Stored items

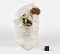 Коллекция Систематическая коллекция, №91638. Пинакоидально-ромбоэдрический уплощенный кристалл стиллвеллита размером 2.5см в кварце с полилитионитом, ридмержнеритом, эгирином. Длина экспоната 11.0 см.Размер минерала 2.50 см.
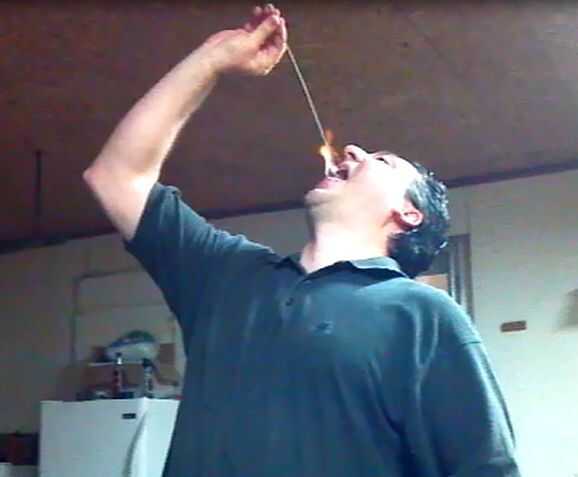El truco aquí es que no hay ningún truco. Están poniendo fuego muy real dentro de su cabeza. A quemarse un poco. Nada importante pero después de hacerlo unas cuantas veces te acostumbras a la luz solo en su lengua y sus papilas gustativas volver a la normalidad en un día. La parte más dura de la ley es conseguir sobre el componente psicológico que no llamas las cosas en la cara del palillo. Una vez que has conquistado que eres home gratis.
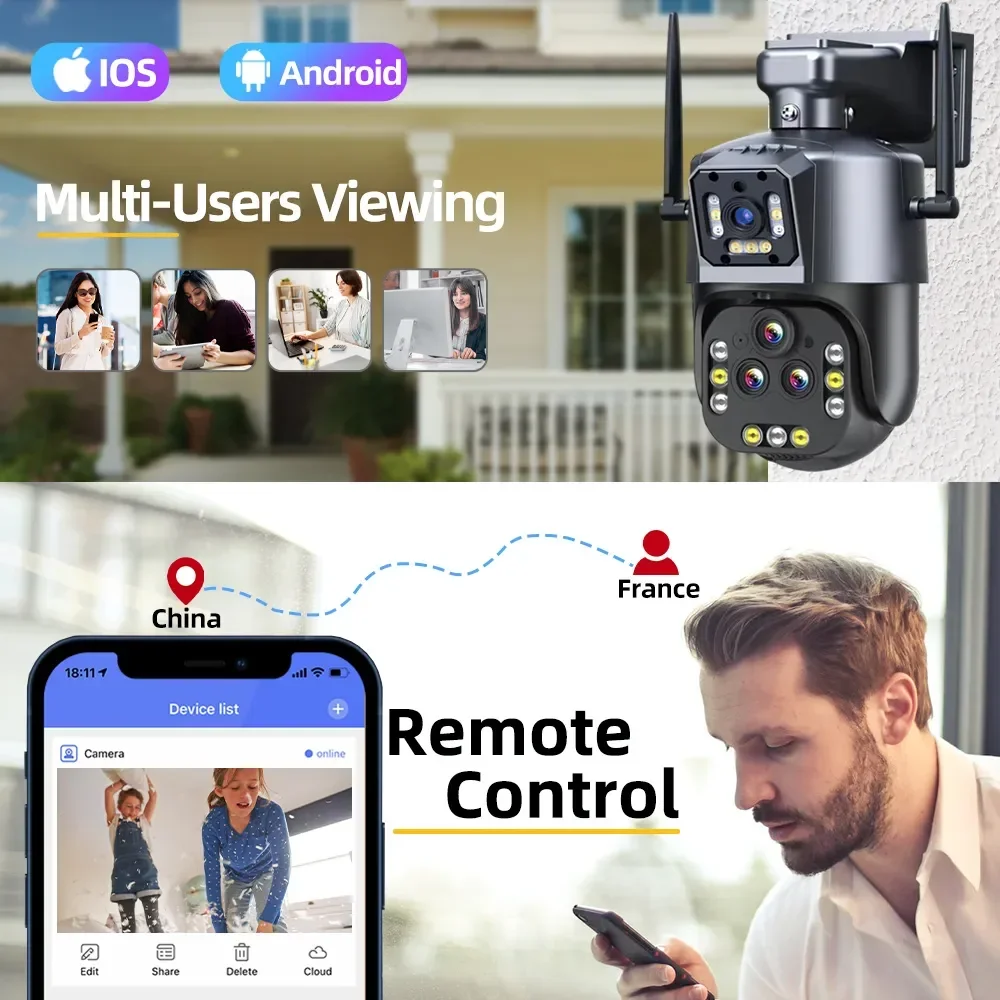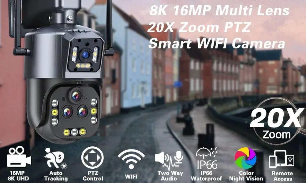 8K 16MP WiFi IP Camera Outdoor PTZ Multi Lens Dual Screens 20X Zoom Auto Tracking Human Waterproof Security CCTV Cam 8MP IPC360
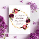 On front: Trendy bohemian boho style. Decorated with watercolored roses in burgundy and pink. Elegant white background. A faux gold geometric frame and templates for a name, date and age. Burgundy colored letters. The name and the text: Save the Date are written with a modern hand lettered style script.
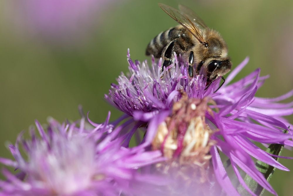 A small honey bee sits in the middle of a field of blooming wildflowers. The bee is looking for pollen. The sun is shining. The flowers are purple.
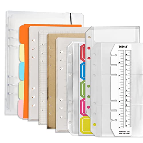 DY.2ten Påfyllningsbart A6 anteckningsblock set med skydd – 6 hål lösa blad PVC-pärmskydd, 80 ark (160 sidor) linjerat papper, kraftpapper, rutigt papper och blankt papper, A6-pärmfickor
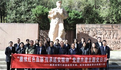 10月22日至23日,省、市银协全体党员干部前往延安革命纪念馆、杨家岭革命旧址、延安博物馆、枣园革命旧址开展实地研学。在延安革命纪念馆广场,全体党员干部面对鲜红党旗,重温入党誓词。
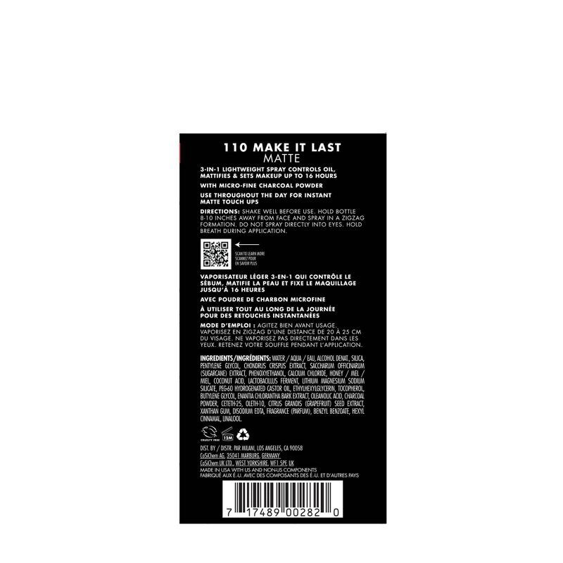 Say goodbye to oily shine! Now offered in Jumbo size, Milani Make It Last Matte - Matte Finish Charcoal Setting Spray is a real look locker. Designed to set & subtly blur like a soft filter, Make It L…
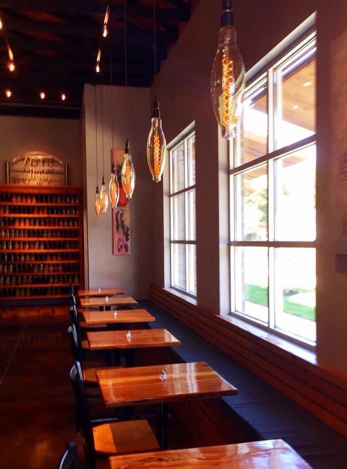 elegant touch! Once inside, you start to notice all the cool features like the neon “Love your Craft” sign projected on the wall, along with the beautiful wood tables and Edison lighting.
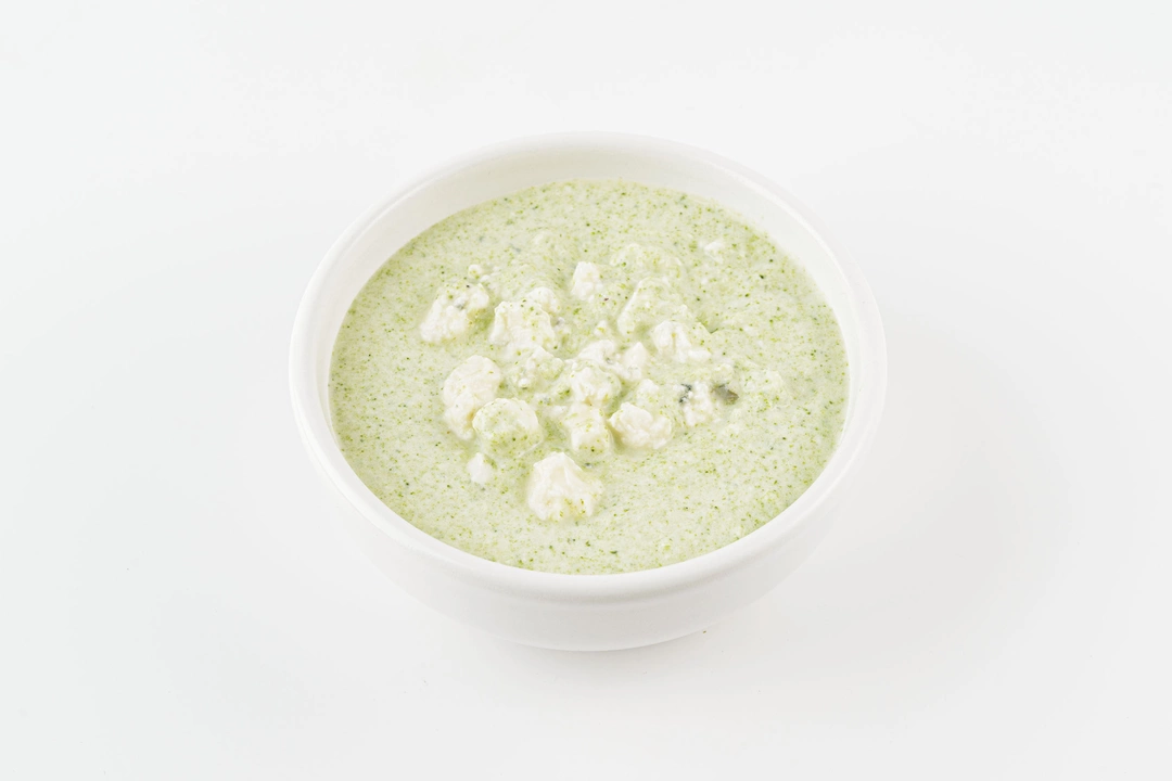 Охлаждённый густой крем-суп с бархатистой текстурой по традиционному французскому рецепту. Мы сварили его из картофеля и соцветий брокколи, добавив сливки для нежности. Положили в суп классический сыр с голубой плесенью, овощи и щепотку специй, чтобы придать ему пикантности. Слегка подогрейте блюдо перед подачей и дополните гренками из бородинского хлеба — так обед получится особенно вкусным и сытным.
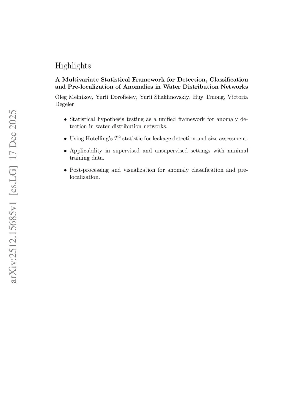 This paper presents a unified framework, for the detection, classification, and preliminary localization of anomalies in water distribution networks using multivariate statistical analysis. The approach, termed SICAMS (Statistical Identification and Classification of Anomalies in Mahalanobis Space), processes heterogeneous pressure and flow sensor data through a whitening transformation to eliminate spatial correlations among measurements. Based on the transformed data, the Hotelling's statistic is constructed, enabling the formulation of anomaly detection as a statistical hypothesis test of network conformity to normal operating conditions. It is shown that Hotelling's statistic can serve as an integral indicator of the overall "health" of the system, exhibiting correlation with total leakage volume, and thereby enabling approximate estimation of water losses via a regression model. A heuristic algorithm is developed to analyze the time series and classify detected anomalies into abrupt leaks, incipient leaks, and sensor malfunctions. Furthermore, a coarse leak localization method is proposed, which ranks sensors according to their statistical contribution and employs Laplacian interpolation to approximate the affected region within the network. Application of the proposed framework to the BattLeDIM L-Town benchmark dataset demonstrates high sensitivity and reliability in leak detection, maintaining robust performance even under multiple leaks. These capabilities make the method applicable to real-world operational environments without the need for a calibrated hydraulic model.
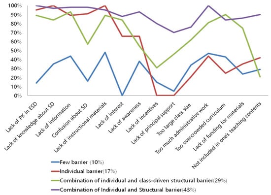 Secondly, this study confirmed interactions between barriers and co-occurrence of teachers’ perceived barriers using LCA. Furthermore, this survey identified four types of teachers exhibiting different profiles of perceived barriers to ESD implementation by LCA: the few barrier type (10%), the individual barrier type (17%), the combination of individual and class-driven structural barrier type (29%), and the combination of individual and structural barrier type (43%).
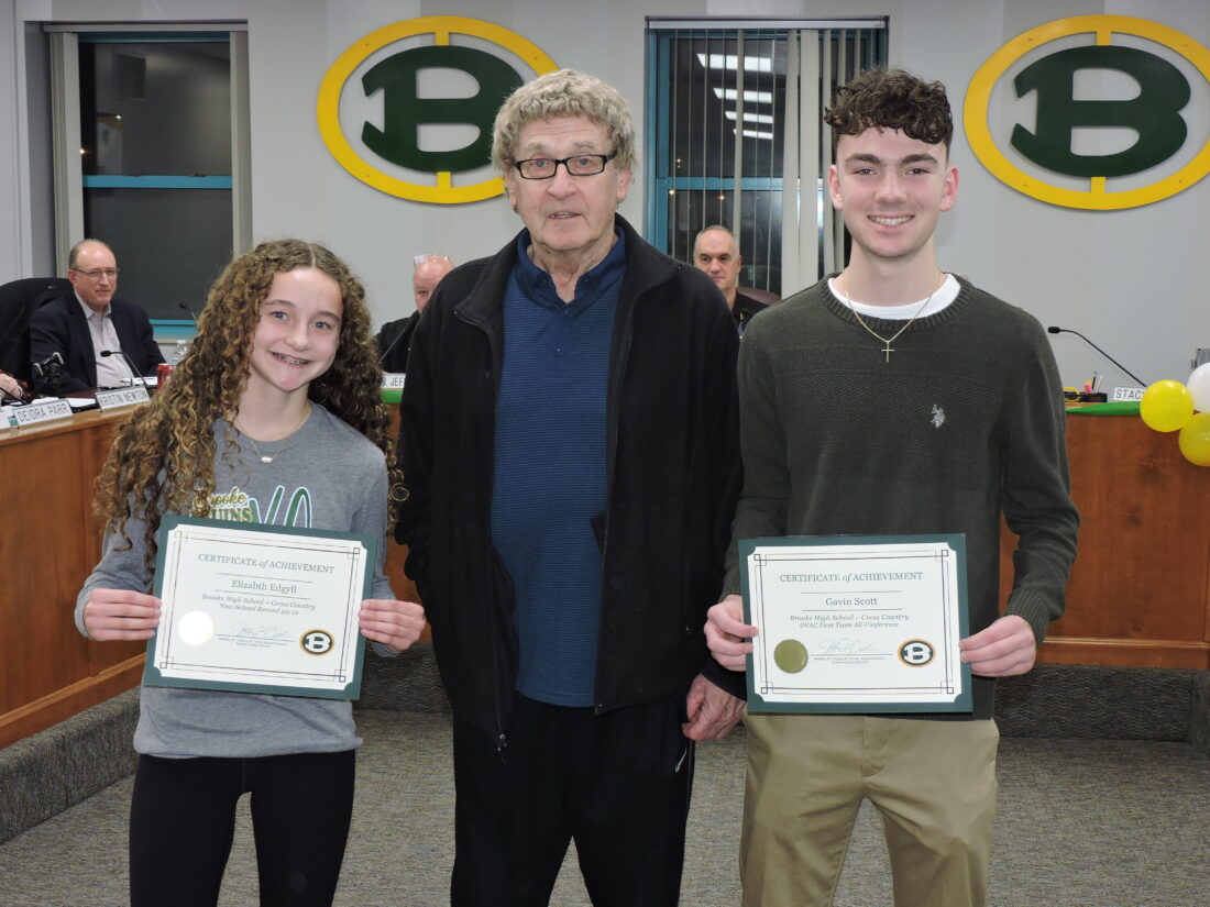 TOP RUNNERS — The Brooke County Board of Education recognized Brooke High School cross country athletes Gavin Scott for being named OVAC First Team All Conference; and Elizabeth Edgyll for setting a new school record of 20 minutes, 12 seconds while running 3.1 miles. With them is their coach, Ed Fritz. -- Warren Scott
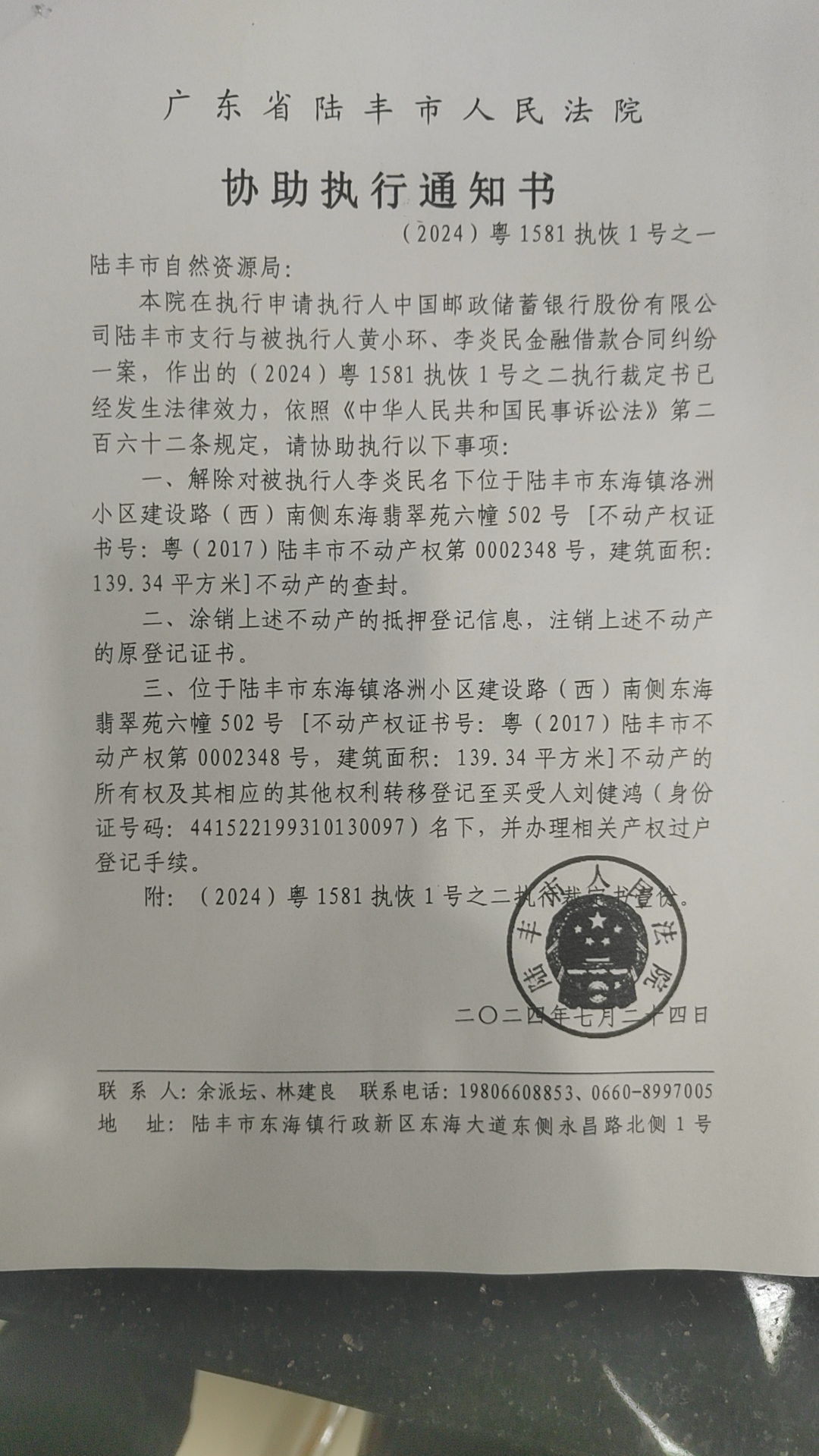 苹果直播 人民法院(2024)粤1581执恢1号之一协助执行通知书。

_Exercise prompt:_ An exact copy of all the records is required, with the pictures omitted.

_Result of this task:_
 Коллекция Систематическая коллекция, №91638. Пинакоидально-ромбоэдрический уплощенный кристалл стиллвеллита размером 2.5см в кварце с полилитионитом, ридмержнеритом, эгирином. Длина экспоната 11.0 см.Размер минерала 2.50 см.
El truco aquí es que no hay ningún truco. Están poniendo fuego muy real dentro de su cabeza. A quemarse un poco. Nada importante pero después de hacerlo unas cuantas veces te acostumbras a la luz solo en su lengua y sus papilas gustativas volver a la normalidad en un día. La parte más dura de la ley es conseguir sobre el componente psicológico que no llamas las cosas en la cara del palillo. Una vez que has conquistado que eres home gratis.
 8K 16MP WiFi IP Camera Outdoor PTZ Multi Lens Dual Screens 20X Zoom Auto Tracking Human Waterproof Security CCTV Cam 8MP IPC360
 On front: Trendy bohemian boho style. Decorated with watercolored roses in burgundy and pink. Elegant white background. A faux gold geometric frame and templates for a name, date and age. Burgundy colored letters. The name and the text: Save the Date are written with a modern hand lettered style script.
 A small honey bee sits in the middle of a field of blooming wildflowers. The bee is looking for pollen. The sun is shining. The flowers are purple.
 DY.2ten Påfyllningsbart A6 anteckningsblock set med skydd – 6 hål lösa blad PVC-pärmskydd, 80 ark (160 sidor) linjerat papper, kraftpapper, rutigt papper och blankt papper, A6-pärmfickor
 10月22日至23日,省、市银协全体党员干部前往延安革命纪念馆、杨家岭革命旧址、延安博物馆、枣园革命旧址开展实地研学。在延安革命纪念馆广场,全体党员干部面对鲜红党旗,重温入党誓词。
 Say goodbye to oily shine! Now offered in Jumbo size, Milani Make It Last Matte - Matte Finish Charcoal Setting Spray is a real look locker. Designed to set & subtly blur like a soft filter, Make It L…
 elegant touch! Once inside, you start to notice all the cool features like the neon “Love your Craft” sign projected on the wall, along with the beautiful wood tables and Edison lighting.
 Охлаждённый густой крем-суп с бархатистой текстурой по традиционному французскому рецепту. Мы сварили его из картофеля и соцветий брокколи, добавив сливки для нежности. Положили в суп классический сыр с голубой плесенью, овощи и щепотку специй, чтобы придать ему пикантности. Слегка подогрейте блюдо перед подачей и дополните гренками из бородинского хлеба — так обед получится особенно вкусным и сытным.
 This paper presents a unified framework, for the detection, classification, and preliminary localization of anomalies in water distribution networks using multivariate statistical analysis. The approach, termed SICAMS (Statistical Identification and Classification of Anomalies in Mahalanobis Space), processes heterogeneous pressure and flow sensor data through a whitening transformation to eliminate spatial correlations among measurements. Based on the transformed data, the Hotelling's statistic is constructed, enabling the formulation of anomaly detection as a statistical hypothesis test of network conformity to normal operating conditions. It is shown that Hotelling's statistic can serve as an integral indicator of the overall "health" of the system, exhibiting correlation with total leakage volume, and thereby enabling approximate estimation of water losses via a regression model. A heuristic algorithm is developed to analyze the time series and classify detected anomalies into abrupt leaks, incipient leaks, and sensor malfunctions. Furthermore, a coarse leak localization method is proposed, which ranks sensors according to their statistical contribution and employs Laplacian interpolation to approximate the affected region within the network. Application of the proposed framework to the BattLeDIM L-Town benchmark dataset demonstrates high sensitivity and reliability in leak detection, maintaining robust performance even under multiple leaks. These capabilities make the method applicable to real-world operational environments without the need for a calibrated hydraulic model.
 Secondly, this study confirmed interactions between barriers and co-occurrence of teachers’ perceived barriers using LCA. Furthermore, this survey identified four types of teachers exhibiting different profiles of perceived barriers to ESD implementation by LCA: the few barrier type (10%), the individual barrier type (17%), the combination of individual and class-driven structural barrier type (29%), and the combination of individual and structural barrier type (43%).
 TOP RUNNERS — The Brooke County Board of Education recognized Brooke High School cross country athletes Gavin Scott for being named OVAC First Team All Conference; and Elizabeth Edgyll for setting a new school record of 20 minutes, 12 seconds while running 3.1 miles. With them is their coach, Ed Fritz. -- Warren Scott
 苹果直播 人民法院(2024)粤1581执恢1号之一协助执行通知书。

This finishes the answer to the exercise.